Output all of the material once more, so that every line matches the original exactly.

* **INFORMATION SHOWN**:
----

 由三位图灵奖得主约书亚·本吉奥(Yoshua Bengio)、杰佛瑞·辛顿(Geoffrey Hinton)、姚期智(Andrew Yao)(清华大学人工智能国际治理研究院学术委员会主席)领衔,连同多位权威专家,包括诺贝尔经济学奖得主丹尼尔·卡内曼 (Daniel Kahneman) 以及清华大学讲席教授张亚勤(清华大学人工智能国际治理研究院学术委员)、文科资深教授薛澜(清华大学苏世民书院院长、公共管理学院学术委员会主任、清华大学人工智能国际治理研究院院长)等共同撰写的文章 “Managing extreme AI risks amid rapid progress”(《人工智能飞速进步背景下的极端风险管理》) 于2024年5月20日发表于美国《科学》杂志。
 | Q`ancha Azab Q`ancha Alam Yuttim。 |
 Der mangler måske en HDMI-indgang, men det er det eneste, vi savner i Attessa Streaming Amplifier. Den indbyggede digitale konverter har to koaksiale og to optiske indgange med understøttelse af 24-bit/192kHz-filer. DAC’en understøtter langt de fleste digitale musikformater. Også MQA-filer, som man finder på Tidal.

----

* **RESULT OF THE TASK**:
 由三位图灵奖得主约书亚·本吉奥(Yoshua Bengio)、杰佛瑞·辛顿(Geoffrey Hinton)、姚期智(Andrew Yao)(清华大学人工智能国际治理研究院学术委员会主席)领衔,连同多位权威专家,包括诺贝尔经济学奖得主丹尼尔·卡内曼 (Daniel Kahneman) 以及清华大学讲席教授张亚勤(清华大学人工智能国际治理研究院学术委员)、文科资深教授薛澜(清华大学苏世民书院院长、公共管理学院学术委员会主任、清华大学人工智能国际治理研究院院长)等共同撰写的文章 “Managing extreme AI risks amid rapid progress”(《人工智能飞速进步背景下的极端风险管理》) 于2024年5月20日发表于美国《科学》杂志。
 | Q`ancha Azab Q`ancha Alam Yuttim。 |
 Der mangler måske en HDMI-indgang, men det er det eneste, vi savner i Attessa Streaming Amplifier. Den indbyggede digitale konverter har to koaksiale og to optiske indgange med understøttelse af 24-bit/192kHz-filer. DAC’en understøtter langt de fleste digitale musikformater. Også MQA-filer, som man finder på Tidal.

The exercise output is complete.